While most of the desserts we made tasted ok, the presentation was extremely difficult to master since pastry and desserts take quite a lot of practice and precision.
Overall, Pure Dessert had too many complicated recipes for your average home cook. I don’t recommend this cookbook, unless you’ve got lots of experience baking desserts.
The author is really into different flavours and experimenting with things you don’t necessarily see in desserts. I really like the way she’s unconventional in this cookbook. When I read how she describes everything, I get more into it and more excited to try it.
At home, before our main cook day, I made this panforte nero, full of nuts, dates and molasses. It came out hard as rock!

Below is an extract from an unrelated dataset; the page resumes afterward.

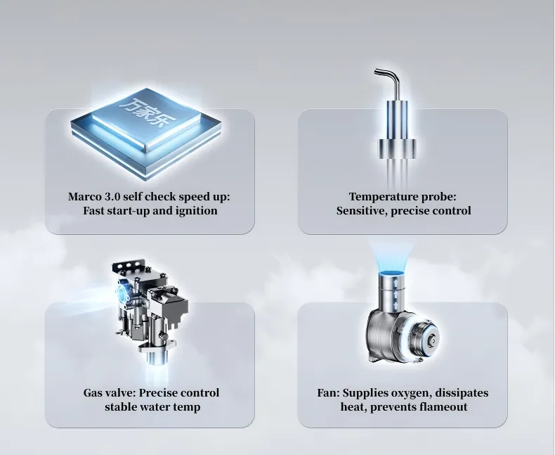 Nossos aquecedores de água a gás estão equipados com vários recursos de segurança. A maioria dos modelos possui um sistema de proteção máxima “7 + 2”, que inclui medidas como proteção de temperatura acima, proteção contra a queima anti-seque e proteção de chamas. Além disso, recursos como sistemas de aviso de erro e dispositivos de liberação de pressão de água aumentam ainda mais a segurança. Manutenção e inspeção regulares conforme o manual do usuário também são recomendadas.

One thing I really like about this book is that the author talks about the need for quality ingredients, and experimenting with unlikely ingredients. It really makes you start to think, and challenges you to come up with your own ideas. I love a cookbook that does that.
Even though the recipes looked simple, they didn’t really come together a promised, and I don’t think it was entirely our fault. Our guest chef on the show, Thomas Haas, pointed out that some common steps were not included in the recipes.
And when I made a couple of things at home, I found the bake times were off. I tried to adjust things for my oven but one of my desserts came out hard as a rock! I don’t recommend this cookbook for anyone other than experienced chefs.
Does this cookbook earn the A&K Stamp of Approval?
No. We don’t think this book delivers on its promises, so it doesn’t get our stamp of approval. However, if you have advanced experience making pastries and desserts, it may be a good buy for you.
Our Guest Chef
Our guest chef was Thomas Haas, an award-winning 4th generation pastry chef and currently the Executive Pastry Chef at Vancouver’s Four Seasons Hotel.
An excerpt from his bio: “Thomas Haas Fine Chocolates was named one of the TOP 20 Artisan Chocolatiers in Chocolatier Magazine’s 20th anniversary issue (Feb/March 2004). In 2007, the Chamber of Commerce awarded Thomas Haas Fine Chocolates with the Business Person of the Year Award and the Service Excellence Award in 2008. Thomas was awarded TOP 10 CHOCOLATIER IN NORTH AMERICA by Dessert Professional Magazine (January 2010 issue).”